Lunedi, 6 Marzo 2017

Non profit cattolico, assemblea a Padova. Il Governo: «Aiuti dal cinque per mille»


S

ono Elisabetta Elio, direttore generale di Pia Opera Ciccarelli, ed Ernesto Burattin, consigliere delegato di Opera Immacolata Concezione, i rappresentanti di Uneba Veneto nel consiglio nazionale di Uneba (www.uneba.it), associazione che raccoglie più di 800 strutture sociosanitarie, assistenziali, educative, quasi tutte non profit e di radici cattoliche, presenti in 17 regioni italiane (nella foto con il vescovo di Padova, mons, Claudio Cipolla).



Patrizia Scalabrin, di Opera Santa Maria della Carità, fa parte del Collegio dei revisori dei conti dell'associazione.
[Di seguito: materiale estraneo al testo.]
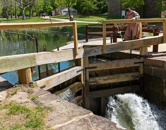 Keywords: Opening Paddle Valves on Lock Gate on C and O Canal.jpg en Opening paddle valves on gate of Lock 20 Chesapeake and Ohio Canal own Bonnachoven Chesapeake Ohio Canal National Historical Park Locks water transport Cc-zero

L'elezione delle cariche associative interne è stata il passaggio conclusivo del XV Congresso nazionale Uneba che si è svolto da giovedì 2 a sabato 4 marzo all'Opera Immacolata Concezione di Padova.
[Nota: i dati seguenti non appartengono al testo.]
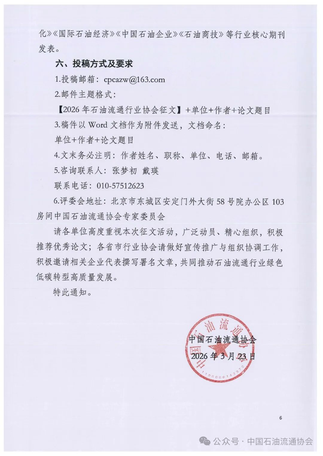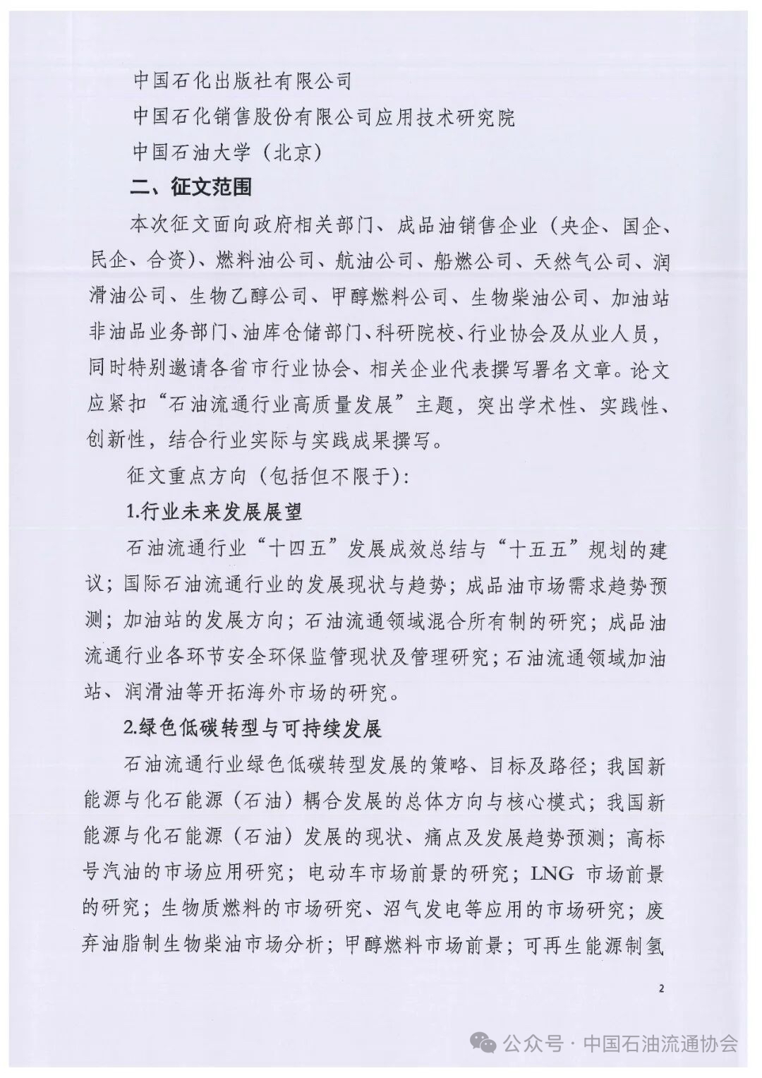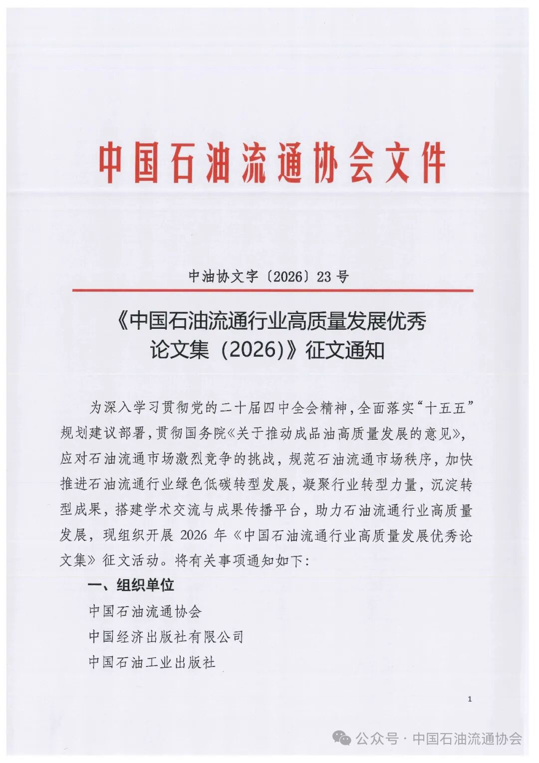 《中国石油流通行业高质量发展优秀论文集(2026)》征文通知

Il congresso ha compreso al suo interno il convegno “L'attuazione della Riforma del Terzo Settore” dedicato ai decreti legislativi che il governo Gentiloni entro giugno deve emanare per concretizzare le indicazioni generali date dalla legge delega di riforma approvata dal precedente governo Renzi.

Di fronte a oltre 200 rappresentanti del non profit è intervenuto il sottosegretario alle politiche sociali Luigi Bobba, primo referente politico della riforma. ”Pensiamo di inserire – ha detto- una norma che richiede il coinvolgimento del Terzo Settore nella programmazione dei servizi. Per una sorta di 'Patto di sussidiarietà con l'amministrazione pubblica”.

Se così fosse, il legislatore coinvolgerebbe maggiormente chi come gli enti Uneba si occupa ogni giorno di gestire strutture per anziani, disabili, minori e altre fragilità nello stabilire le regole per quel settore.

“Stiamo ragionando, inoltre – ha detto Bobba - su come redistribuire quel 15% di risorse non optate del cinque per mille (in cui cioè il contribuente non ha indicato a che ente dare il cinque per mille dell'irpef). Anziché una redistribuzione proporzionale che privilegerebbe chi già ha di più, ipotizziamo di redistribuire solo a chi è sotto una certa soglia (di raccolta dal cinque per mille)”. Così si aiuterebbero soprattutto gli enti più piccoli.